Haguenau a obtenu le label « Forêt d’exception » pour sa forêt d’Alsace du nord, le 30 janvier, entrant dans le club des quatorze forêts françaises reconnues pour leurs particularités et leur gouvernance innovante. Elles forment « un réseau de laboratoires à ciel ouvert pour imaginer ce que doit être la gestion forestière de demain en France », a déclaré Albert Maillet, directeur des forêts et des risques naturels à l’Office national des forêts (ONF), lors de la cérémonie de labellisation.

Le caractère exceptionnel ne saute pas aux yeux du promeneur qui découvre ce massif de plaine, rajeuni par la tempête Lothar en 1999. Mais le corridor écologique qu’il constitue entre le piémont des Vosges et les forêts rhénanes, dans une plaine anthropisée (1), est déjà en soit très précieux.
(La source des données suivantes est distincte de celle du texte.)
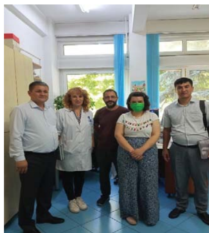
Trening jarayonlaridan lavhalar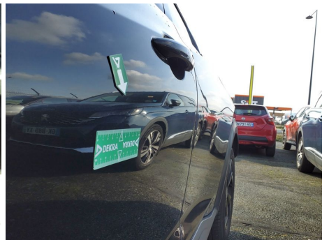
Porte Avant Gauche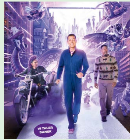
HARALD OG DEN MAGISKE BLYANT 91 min. Lørdag 8. november 2025 kl. 10.00 Søndag 9. november 2025 kl. 10.00 Søndag 9. november 2025 kl. 12.15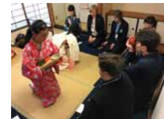
リトアニア・ジャミナ高校との交流

En outre, c’est la seule représentante française des forêts mixtes de type médio-européen, avec son cortège d’espèces associées.

Une autre particularité de cette forêt tient à l’histoire très ancienne qui la relie à la « ville clairière » de Haguenau. Elle est la plus grande forêt gérée en indivision entre une commune et l’Etat – recettes et dépenses sont partagées à parts égales. Un privilège qui remonte au Moyen Age, acté par Louis XIV en 1696.
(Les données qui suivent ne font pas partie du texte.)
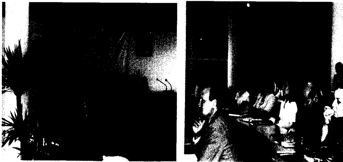
Fig. 7 et 8 : journée d'étude « Biosécurité et Désertification », MATE, 21 Mai 2006

Scientifiques, randonneurs…

Si, il y a vingt ans encore, la ville laissait largement la main aux techniciens de l’ONF, depuis quinze ans, un agent de la ville travaille en partenariat étroit avec les forestiers sur de nombreuses thématiques : budget, dépôts sauvages, projets de conservation, choix d’exploitation…

En 2015, l’entrée dans la démarche de labellisation a élargi cette gestion partenariale aux différents usagers de la forêt. Entre office de tourisme, département du Bas-Rhin, scientifiques, associations environnementales, randonneurs, cyclistes, services de l’Etat, artisans potiers, etc., on compte pas moins de quarante parties prenantes !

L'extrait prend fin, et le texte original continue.